[Computer Network - Application Layer] World Wide Web

1 Uniform Resource Locator URL

Uniform Resource Locator (URL)

Format:<协议>://<主机>:<端口>/<路径> (port and path can sometimes be omitted, URLs are case insensitive)

For example:

  • Access the web server using the HTTP protocol:http://www.abc.com:80/dir/file1.htm
  • Download and upload files using the FTP protocol:ftp://ftp.abc.com:21/dir/file1.htm
  • Read computer local files:file://localhost/d:/mydir/file1.zip

Case where the filename is omitted:

  • http://www.abc.com/dir/: The server will preset the default file to be accessed when the file name is omitted . The URL essentially visits /dir/index.htmlor/dir/default.htm
  • http://www.abc.com/: The URL essentially visits /index.htmlor/default.htm
  • http://www.abc.com: The URL is actually visited /index.htmlor/default.htm

2 World Wide Web Documentation

There are three types of World Wide Web documents:

  • HyperText Markup Language (HTML) : uses a variety of "tags" to describe the structure and content of web pages
  • Cascading Style Sheets (CSS) : Describe the style of web pages from an aesthetic point of view
  • JavaScript : a scripting language that controls the behavior of web pages

2.1 Hypertext Markup Language HTML

demo.html:

<!DOCTYPE html>
<html>
    <head>
        <meta charset="UTF-8">
        <title>最简单的网页</title>
    </head>
    <body>
        <p>Hello world</p >
    </body>
</html>

2.2 Cascading Style Sheets CSS

demo.html:

<!DOCTYPE html>
<html>
    <head>
        <meta charset="UTF-8">
        <title>最简单的网页</title>
        <link rel="stylesheet" type="text/css" href="demo.css" />
    </head>
    <body>
        <p class="pink">Hello world</p>
    </body>
</html>

demo.css:

.pink {
    
    
    color: deeppink;
    font-size: 36px;
}

2.3 JavaScript

demo.html:

<!DOCTYPE html>
<html>
    <head>
        <meta charset="UTF-8">
        <title>最简单的网页</title>
        <link rel="stylesheet" type="text/css" href="demo.css" />
        <script type="text/javascript" src="demo.js"></script>
    </head>
    <body>
        <p class="pink" id="myId">Hello world</p >
        <button type="button" onclick="myFunction()">点个赞吧</button>
    </body>
</html>

demo.js:

function myFunction() {
    
    
    document.getElementById("myId").innerHTML="谢谢你的赞”;
}

3 Hypertext Transfer Protocol HTTP

Hypertext Transfer Protocol (HyperText Transfer Protocol, HTTP ): Defines how the browser (that is, the World Wide Web client process) requests World Wide Web documents from the World Wide Web server, and how the World Wide Web server transmits World Wide Web documents to the browser.
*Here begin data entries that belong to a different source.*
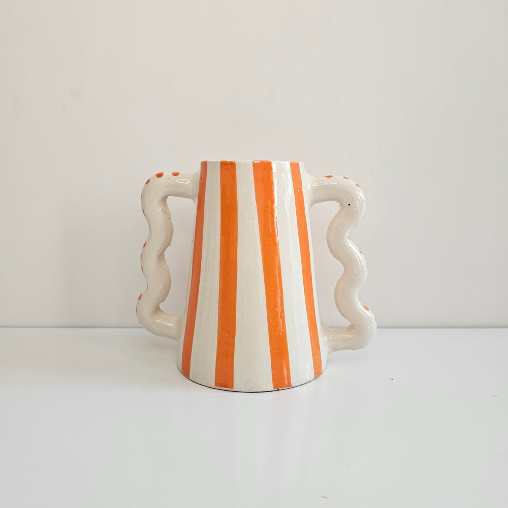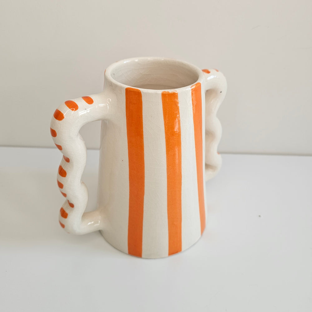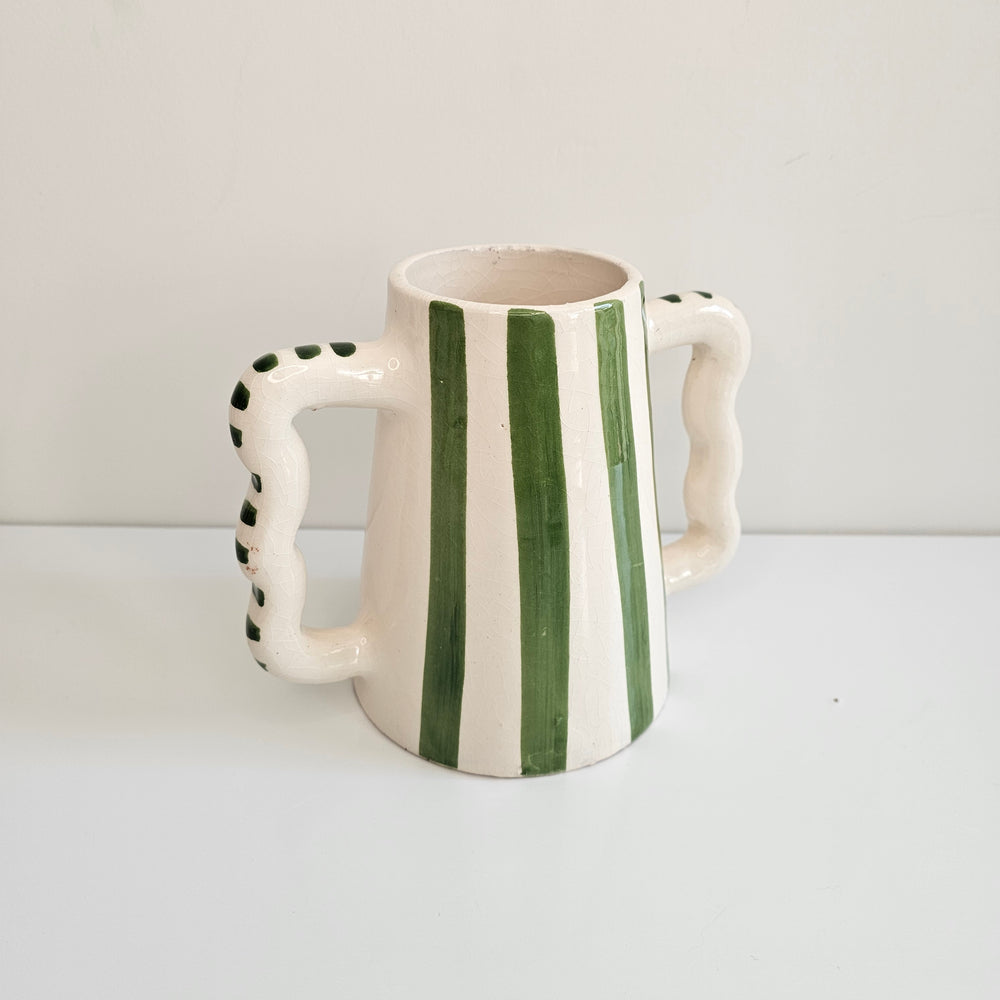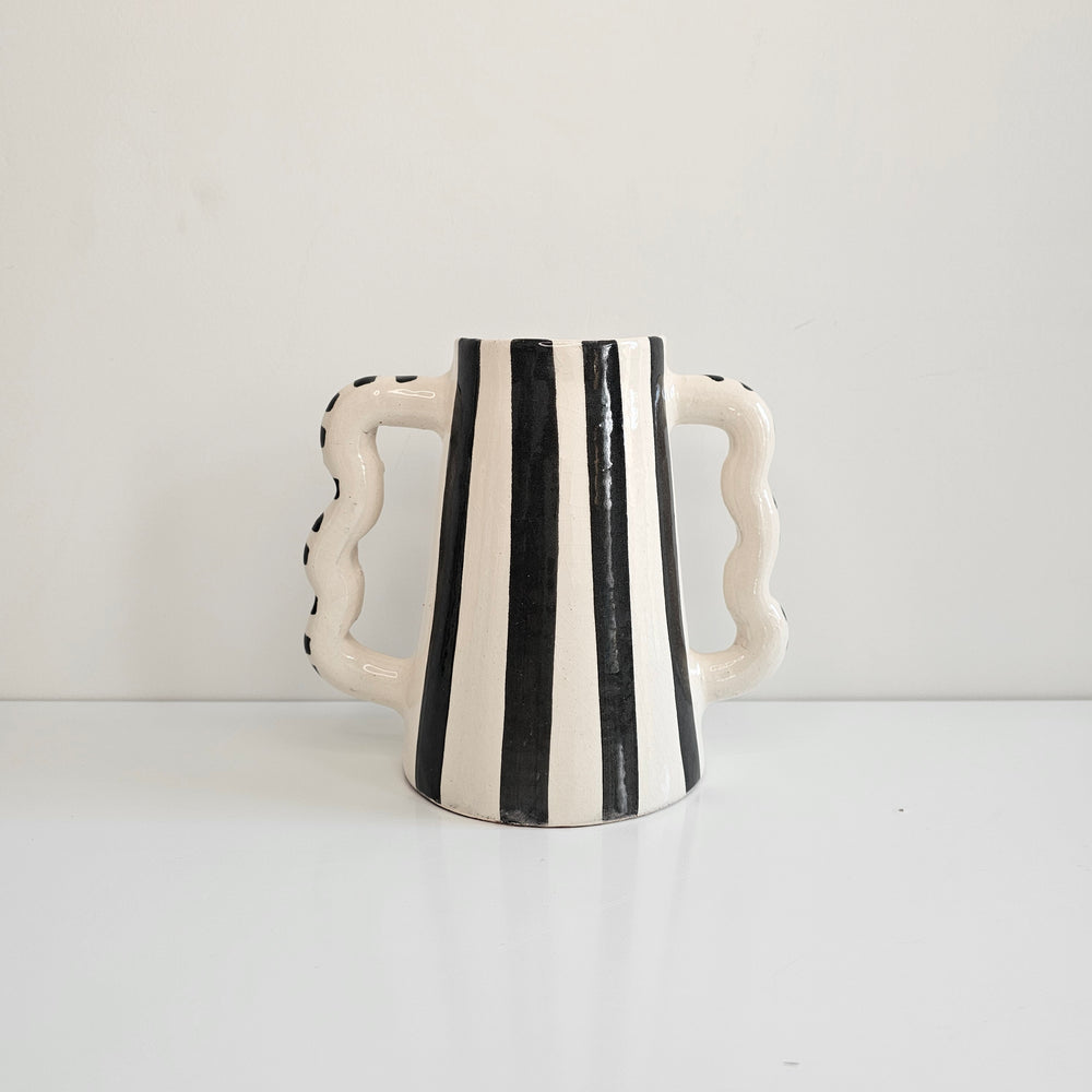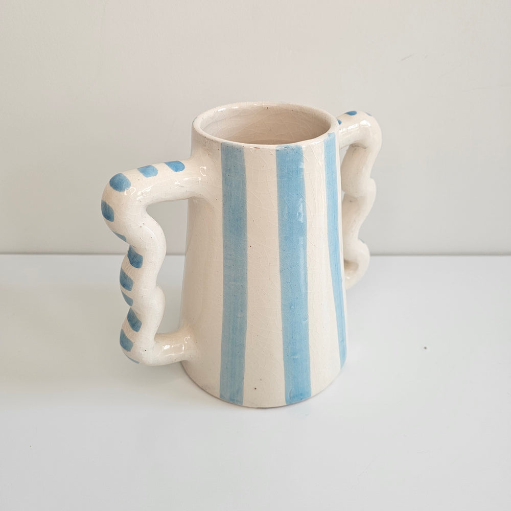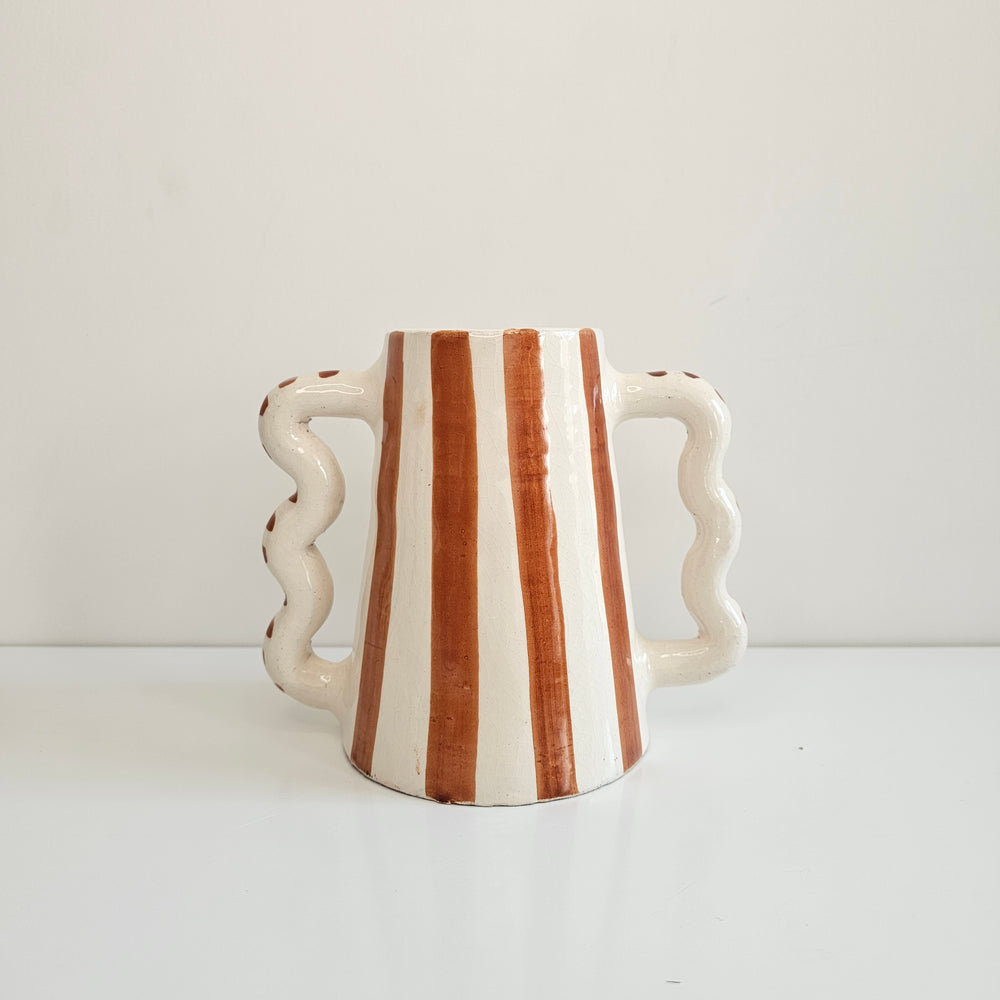 Dare to experiment with the "ZigZag Amazigh" pitcher: a ceramic carafe with a colorful striped pattern and sculptural twisted handles. Handcrafted and painted in Morocco, it's available in five bright and original variations to add character to any table.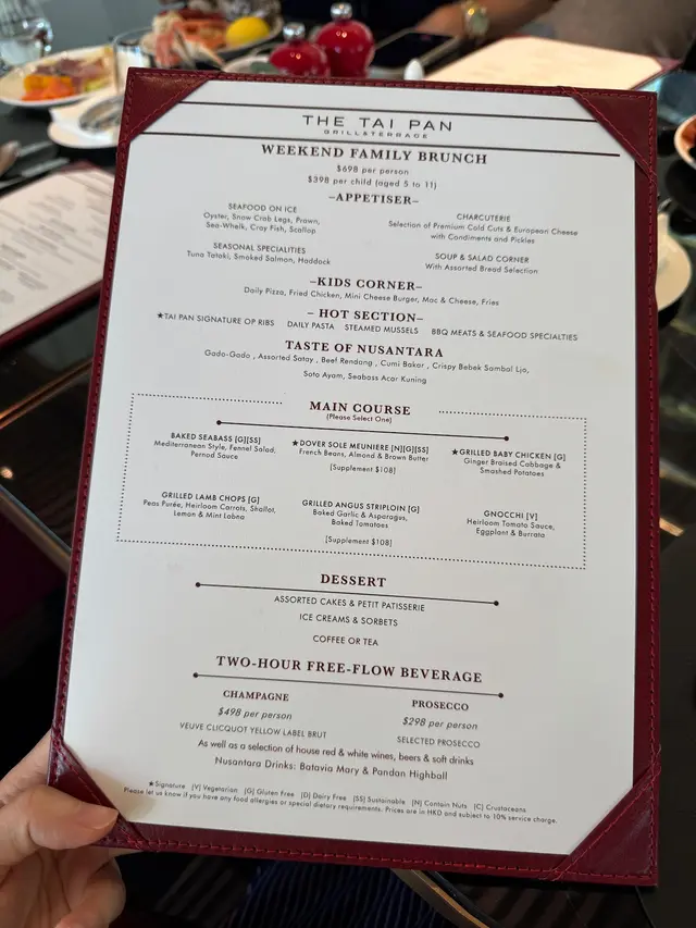 各有各忙的一家人,終於找到時間聚一聚!來到Murray食Family Brunch。這裏的brunch位置雖然不大,但是我們就是喜歡它的高質。而且酒店來說, Murray的裝修環境在去過的酒店當中,亦是很高分數的!Upgrade了Prosecco用來送海鮮。這裏的海鮮有蟹腳、生蠔、小龍蝦、扇貝和翡翠螺。每款都好新鮮,尤其蟹腳要一讚,大大隻好厚肉!其他的冷盤、沙律、cheese corner,都頗多選擇,令人滿意。必定要試那手切牛肉,大大件,好重牛味。這期間是印尼主題,所以提供了印尼的特色食物,如印尼串燒、飯、蝦片等,味道不錯。最貼心的是有kids corner,小朋友最愛的漢堡包、薯條、炸雞和Pizza等等,再坐小朋友,食得很開心。除了自助食物, brunch的主菜 亦做得十分不錯,我們點了牛扒、魚扒、羊架等share來食。食完主菜仲有食甜品,各款蛋糕、朱古力,深得大家喜愛!因為這個是family brunch,所以現場還有插畫師為客人即席繪製卡通手繪畫,大家都畫得好開心!最開心仲有就係大表叔埋單,萬歲~這個brunch真係適合一家大細,大家都食得好滿足!…查看更多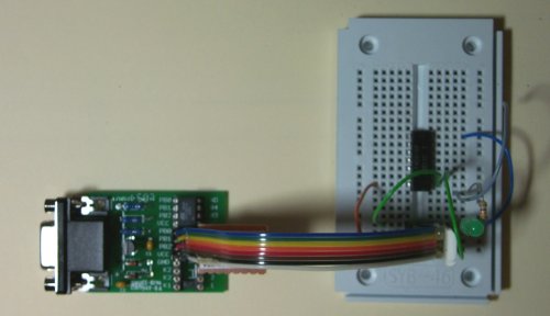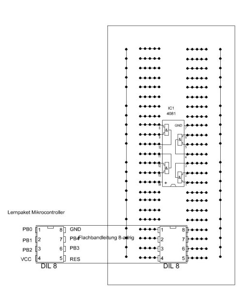 Folgende Verbindungen sind anschließend über isolierte Drahtstücke herzustellen : VCC mit Pin 14, GND mit Pin 7, PB0 mit Pin 1, PB3 mit Pin 2 , Katode (kurzes Ende) der Leuchtdiode mit GND, Anode (langes Ende)der Leuchtdiode über Widerstand 10 k an freie Kontaktreihe und von der ausgehend ein isoliertes Drahtstück als Prüfleitung für die Anzeige von Signalpegeln an einem Pin des Mikrocontrollers bzw. an einem Anschluss des 4081.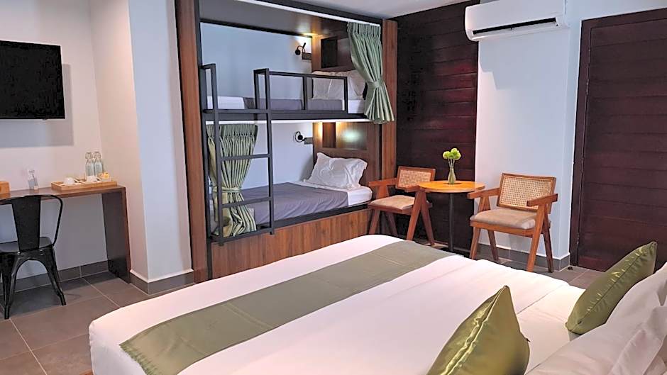 At Sok Hotel And Coffee Siem Reap, you'll find a range of room types to choose from, each designed to cater to your specific needs. The Suite with Terrace offers a spacious 377 sqft room, perfect for a couple seeking a little extra luxury. The Superior Double Room provides a comfortable 291 sqft space with a queen-size bed, ideal for two adults. Families or larger groups can opt for the Quadruple Room with Terrace or the Deluxe Quadruple Room, each accommodating four adults with the convenience of bunk beds and a queen-size bed. And if you're traveling with two friends or family members, the Deluxe Triple Room offers a twin bed and queen-size bed in a cozy 258 sqft room.

It is based on the TCP protocol with port number 80.

3.1 HTTP message format

HTTP is text-oriented, and each field in its message is some ASCII code string, and the length of each field is uncertain.

Uniform Resource Identifier (Uniform Resource Identifier) : A file name storing web page data or a file name of a CGI program, such as /dir1/file1.htmland /dir1/program1.cgi.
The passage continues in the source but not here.